Os Bolcheviques não chegaram ao poder na Rússia depois duma revolta dos trabalhadores e dos camponeses, mas através dum golpe de estado  (orquestrado por uma elite Marxista altamente disciplinada) e consolidado através duma guerra civil. Para, além disso, e não podemos esquecer, os Marxistas receberam ajuda fundamental por parte da elite política e bancária do Ocidente.

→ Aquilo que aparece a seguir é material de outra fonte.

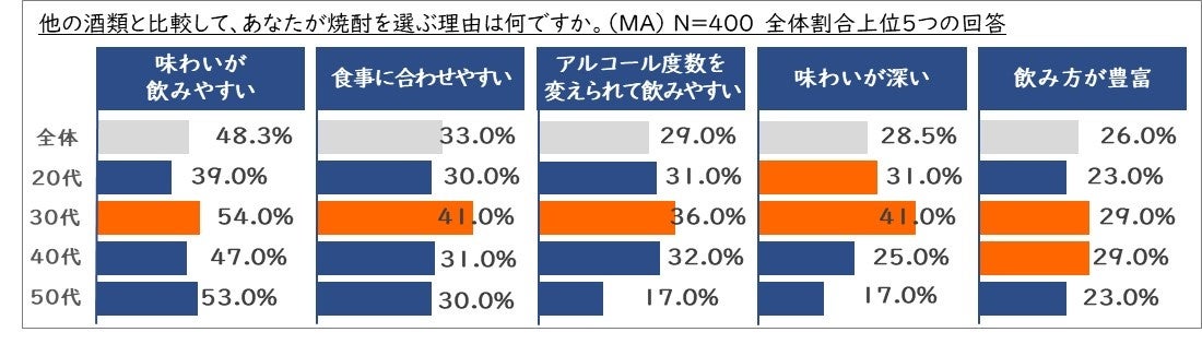 特に20代・30代では「味わいが深い」との回答も多く、焼酎の味わいそのものが高く評価されていることが分かります。さらに30代では「アルコール度数を変えられて飲みやすい」、「飲み方が豊富」といった理由を挙げる人の割合も高く、焼酎の飲み方の柔軟性が支持されていることがうかがえます。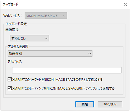 - [XMP/IPTCのレーティングをNIKON IMAGE SPACEのレーティングとして追加する]:チェックを入れると、画像に設定しているレーティングを付けてアップロードできます( 0レーティングを付ける)。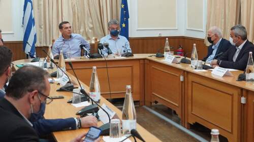 Ο Αλ. Τσίπρας στην Περιφέρεια Κρήτης – Σύσκεψη με Αρναουτάκη και Λαμπρινό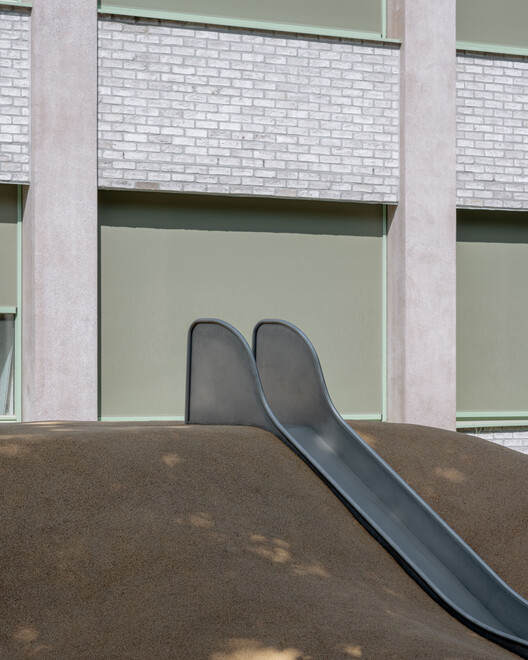 景观重塑与生态教育的深度融合:该项目的另一大亮点在于对校园景观的重新规划,将传统的硬质操场改造为生态、多功能、且具有教育意义的绿色空间。通过雨水花园、本土植物的引入,以及对生物多样性的关注,将校园打造成一个自然的教育场所。设计师巧妙地将游乐设施与自然环境相结合,创造了运动场、游戏土丘等结构化区域,以及岩石、树干、荫蔽花园等自由探索空间,为学生提供了多样化的活动体验。这种设计理念,不仅丰富了学生的课余生活,更让他们在玩乐中学习,在实践中探索,从而培养他们对环境的认知与热爱。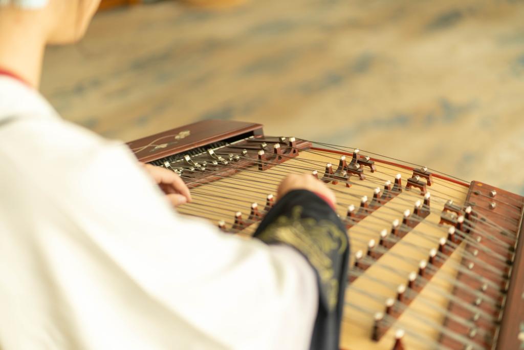 枝头曳叶盈,透光绘影,鸟鹊音嘤咛。满园芬芳,欲采几许遗远方。红叶展了醉颜,倾语共话秋闲。古韵琴音,一声入耳,万事离心。不怕夕阳迟暮,青色石板路旁,看花开花落水波不惊。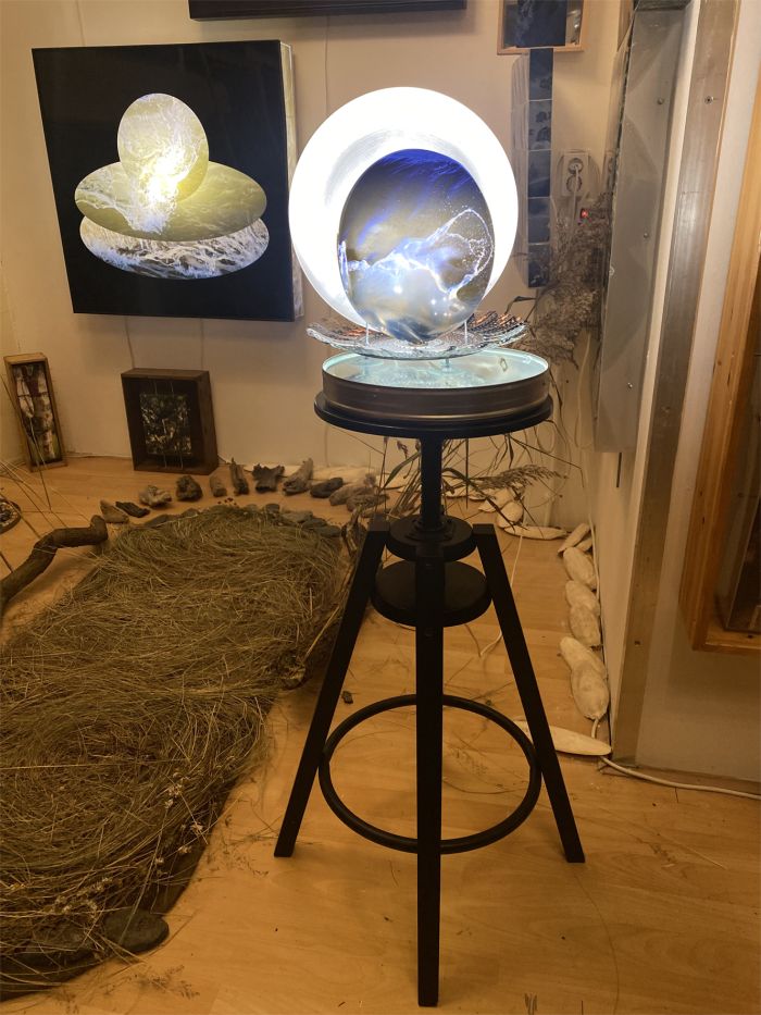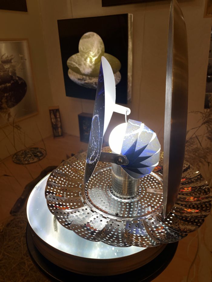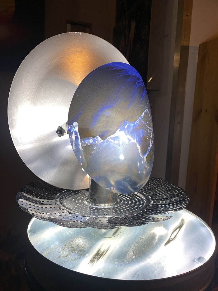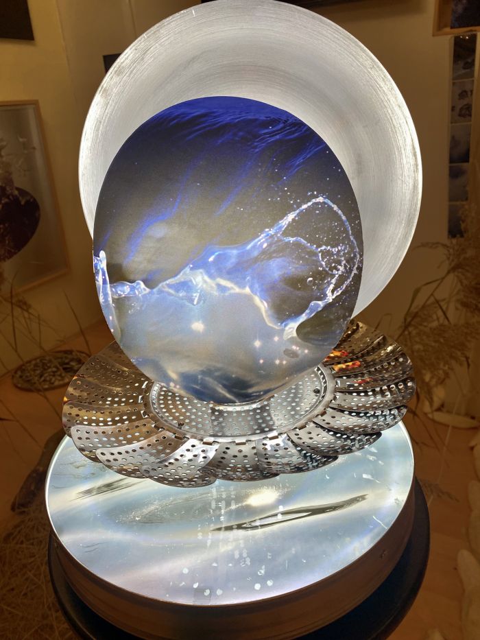 Sea Stars: Dit foto licht-object is weer heel anders dan mijn eerder werk. Van de serie Watersterren is deze een andere presentatie. In de winter van 2022 zat ik graag bij een olie kachel, de straling van de warmte deed me goed. De kleuren van de vlam zijn hemels blauw en warm geel en rood. Deze combinatie wilde ik gebruiken voor een foto-object met licht. De kleur blauw van deze Waterster kwam het beste overeen. Door de reflectie van het metaal kunnen er ook andere kleuren komen in combinatie met de foto’s. Het lichtval in de golven van de zee leken net sterren.

Igualmente, o Comunismo não chegou ao poder na Europa Oriental através duma revolução, mas sim através da imposição desse sistema por parte do Exército Vermelho conquistador - e, mais uma vez, com a conivência corrupta dos conspiradores Ocidentais. Na China, o Comunismo chegou ao poder através da guerra civil, ajudada pelos Soviéticos e pelos elementos traidores do Ocidente.

Em nenhuma parte do mundo o Comunismo chegou ao poder através duma revolução popular, mas sim através da força e do subterfúgio. Os únicos levantamentos revolucionários populares registrados no século 20 foram "contrarrevoluções" anti-marxistas, tais como a revolta de Berlim em 1954 e o levantamento Húngaro de 1956.

Olhando para o século 20 como um todo, torna-se claro que Marx estava errado nas suas suposições de que a maior parte dos operários e camponeses se encontravam insatisfeitos com o seu lugar na sociedade, e se sentiam alienados da mesma sociedade, que eles tinham algum tipo de ressentimento contra a classe média ou a classe alta, ou que eles tinham algum tipo de predisposição para a revolução.

Para além disso, onde quer que o Comunismo tenha obtido o poder, o seu nível improcedente de violência, de coerção, e repressão, geraram oposição secreta a nível interno, e oposição militar a nível externo - o que tornaram as matanças sem fim e a repressão endêmicas do Marxismo e essenciais para a sobrevivência do Comunismo.

Todos estes fatos inegáveis, quando analisados de forma honesta, eram dificuldades insuperáveis quando novas extensões do poder Comunista eram consideradas, e asseguravam a existência de algum crise dentro do Marxismo.

Embora o que foi dito em cima seja óbvio para os observadores perspicazes atuais, olhando para trás do ponto de vista do nosso tempo e depois de mais de oito décadas de experiência com a realidade do Comunismo no poder, começamos a entender algo da perspicácia de Antonio Gramsci quando nos apercebemos que, o que é evidente para nós hoje, no encerrar do milênio, era evidente para ele quando o regime Soviético se encontrava na sua infância e o Comunismo ainda era largamente uma conjectura ainda não testada.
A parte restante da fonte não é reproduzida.